Scintillating Stockholm: What Makes This European Capital A Gem

by Shelli

Scandinavia is often described as “land of the midnight sun.” Images may to come to mind of Vikings, long cold winters, and challenging words abounding with strange vowel combinations. Fact or fiction? Let’s tour one Scandinavian city—Stockholm. Visiting Stockholm, an extraordinary destination, builds on both facts……and a bit of fiction.

My Stockholm Backstory

When people know you’re “well traveled” they make assumptions. Rather than ask you, “Have you been to a particular destination” they’ll ask, “How did you like a place?” Lately, that’s been happening with visiting Sweden. People assume I’ve been there, and I have. It’s a destination I never tire of visiting. Stockholm offers much of what I enjoy doing when on holiday!

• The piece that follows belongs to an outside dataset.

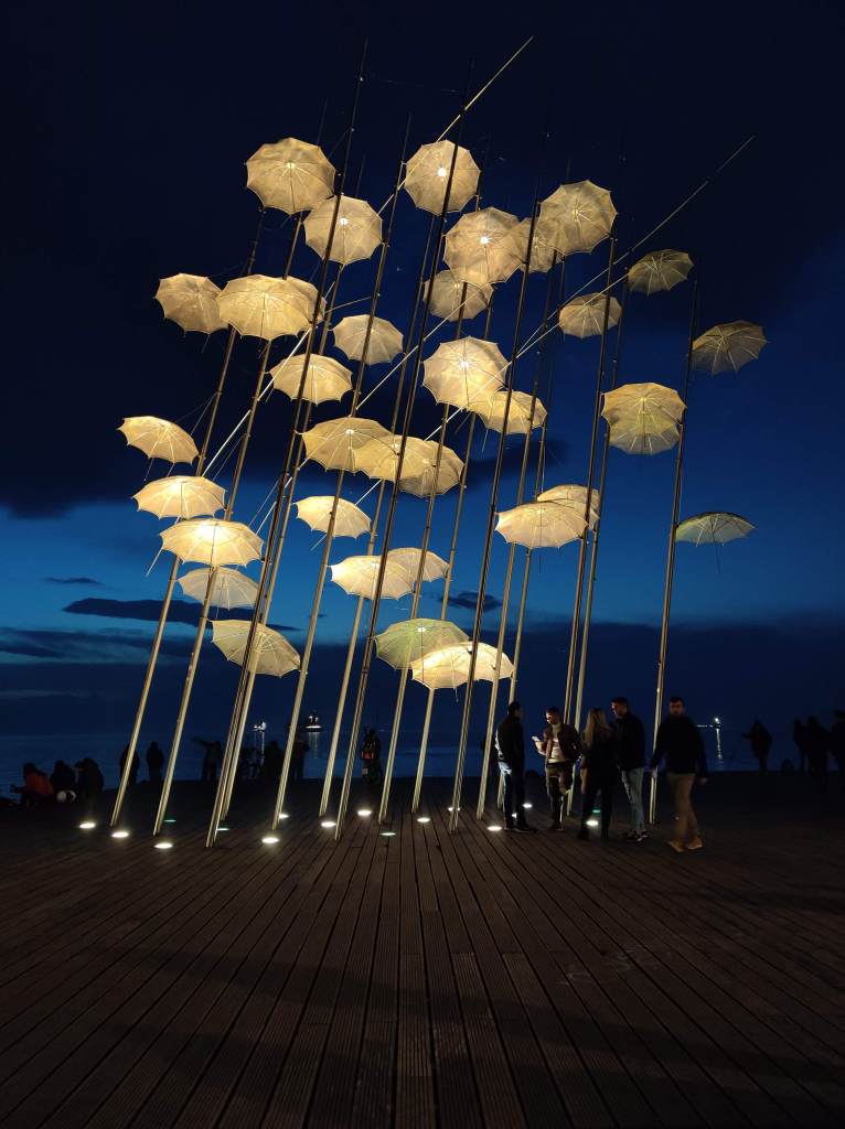 Nea Paralia thrums with buskers, cyclists whizzing by on rented bikes as is the norm in Thessaloniki, and locals fishing along the waterfront. We wonder whether we should take the 30-minute harbour cruise around the Thermaic Gulf or sit at a bench enjoying the seaside view, hoping for a glimpse of Mount Olympus. Finally, we decide to treat ourselves to our final Greek sunset at “The Umbrellas”—an art installation along the harbour that lights up at night. As we click our share of romantic photographs under sculptor George Zongolopoulos’ stainless steel umbrellas in the moonlight, I remember Choumnos’ words: everyone will have a home as long as Salonica exists. And I send out a wish to the city, hoping it’ll beckon us back again, to uncover more secrets.
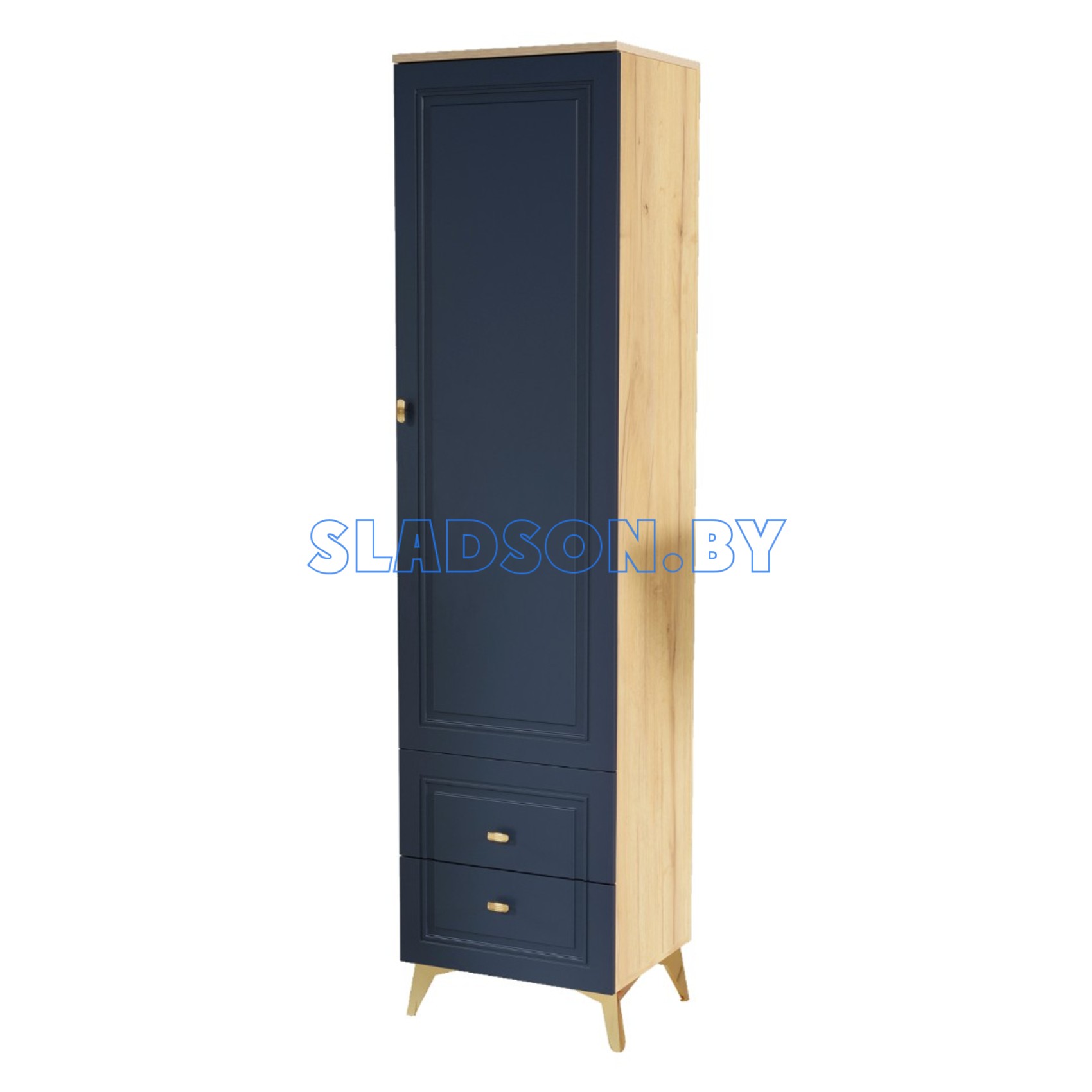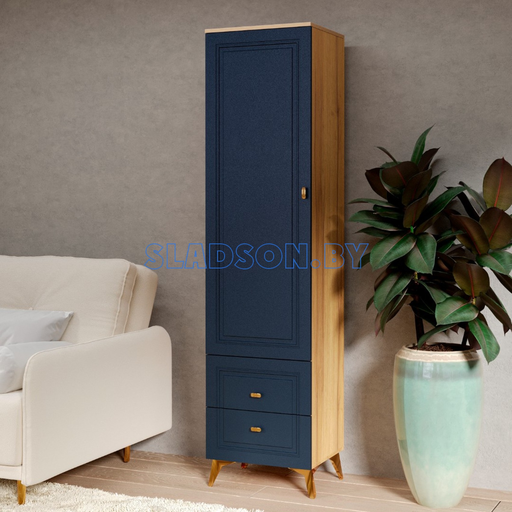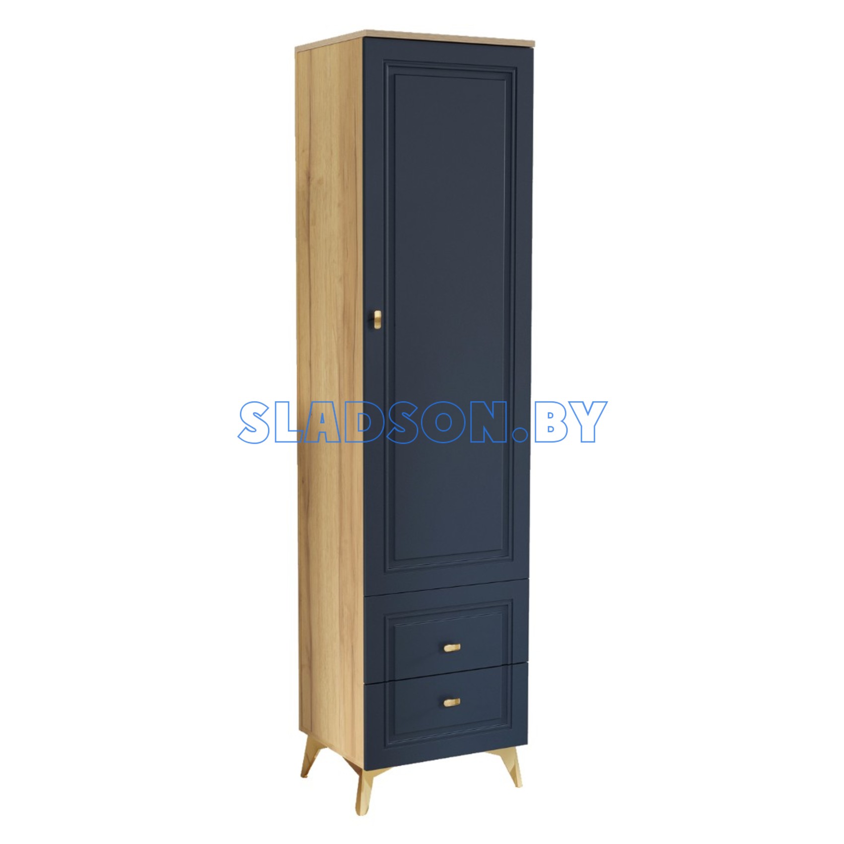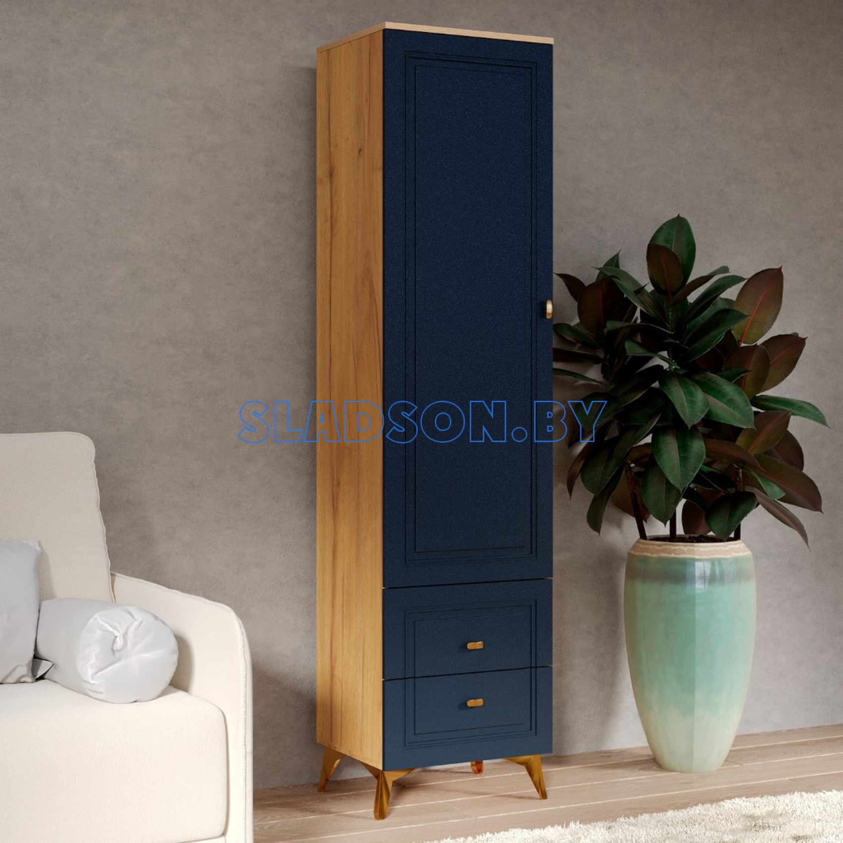 ВЕГА САПФИР гостиная Пенал Дуб золотистый, Темно-синий софт

Re-visiting Stockholm was in the planning stages when the pandemic began. Obviously, I put the visit on hold. However, my trip planning was done and my interest in history, culture, and food, never stops!

As I learn, I share, so thought it would be fun to write about some of the fascinating things I learned about Sweden and lead you on this armchair tour of this extraordinary destination. You might just want to add visiting Stockholm to your post-pandemic bucket list of places to visit.

Welcome to Sweden

Sweden takes up much of the Scandinavian Peninsula (shared with Norway). The country was named by the Suiones people, early inhabitants to the region dating back to 100 CE.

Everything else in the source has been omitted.